The landfill would be an alternative to the foul smelling eyesore of the gigantic municipal rubbish dump in the Hulene neighbourhood. Successive mayors have promised to close the dump, but it is still there, towering over the houses around it (mostly built illegally).
The threat posed by the dump was illustrated tragically in February 2018 when, after heavy rains, part of the dump collapsed. It slid downhill, burying houses in filth and slime, and killing 17 people.
It was clearly urgent to close the Hulene dump and find somewhere else for the city to throw away its garbage. Negotiations were begun with Matola Municipal Council to open a landfill that could be used by both cities.
Five years later there is still no sign of a landfill in Matlemele, and rubbish is still being dumped in Hulene every day. On Friday, at celebrations marking the 136th anniversary of the elevation of Maputo (then known as Lourenco Marques) to the status of a city, Comiche finally announced that the Matlemele scheme has been abandoned.
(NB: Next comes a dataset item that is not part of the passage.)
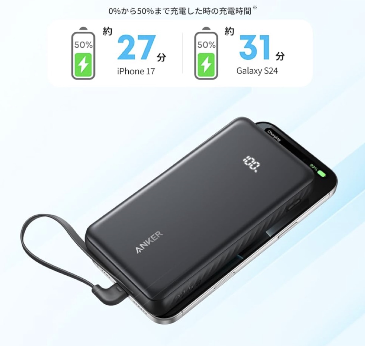 このAnker Zolo Power Bankは、大容量+急速充電+内蔵ケーブルという分かりやすい利点を備えたモデル。

There had been no advances at Matlemele, and so Maputo Municipal Council will push ahead on its own and install a landfill in KaTembe, which is the municipal district on the opposite side of Maputo Bay from the centre of the city.
Comiche assured his audience that land in KaTembe is available, and will be supported by the World Bank as part of a package of 100 million dollars it has pledged for the development of Maputo.
Comiche said it had proved impossible to move families living on the land earmarked for the landfill in Matlemele. When his term of office began in 2019 “I tried to find ways of working jointly with Matola Council”. The space eventually found was not in Matola at all, but in KaTembe.
As for finally closing the Hulene dump, Comiche promised that this will happen in 2024 or shortly afterwards. “In a year and a half or two years, we shall close the dump”, he said.
As for the chronic problem of public transport in the capital, Comiche was confident that the long-promised BRT (Bus Rapid Transit) scheme would come to fruition, coordinated by the Transport Ministry.
As for the plan to build an overhead suspended railway (known as Futran), which should have been built in 2022, Comiche said a contract to implement the scheme has been signed with Chinese partners.